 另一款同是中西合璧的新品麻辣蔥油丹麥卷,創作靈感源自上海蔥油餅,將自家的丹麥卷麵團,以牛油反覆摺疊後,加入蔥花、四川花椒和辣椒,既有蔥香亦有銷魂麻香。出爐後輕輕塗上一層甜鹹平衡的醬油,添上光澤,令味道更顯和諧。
---
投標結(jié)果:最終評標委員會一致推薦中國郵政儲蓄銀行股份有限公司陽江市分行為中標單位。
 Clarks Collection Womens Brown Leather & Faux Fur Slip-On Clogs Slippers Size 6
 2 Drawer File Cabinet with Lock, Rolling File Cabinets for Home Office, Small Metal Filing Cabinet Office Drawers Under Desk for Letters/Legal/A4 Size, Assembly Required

YOUR INSTRUCTIONS >>
Copy out each line of the data above, exactly, if it lies between the line holding "投標結(jié)果:最終評標" and the line holding "2 Drawer File", inclusive; copy no other line.

RESULT FOR THIS TASK >>
投標結(jié)果:最終評標委員會一致推薦中國郵政儲蓄銀行股份有限公司陽江市分行為中標單位。
 Clarks Collection Womens Brown Leather & Faux Fur Slip-On Clogs Slippers Size 6
 2 Drawer File Cabinet with Lock, Rolling File Cabinets for Home Office, Small Metal Filing Cabinet Office Drawers Under Desk for Letters/Legal/A4 Size, Assembly Required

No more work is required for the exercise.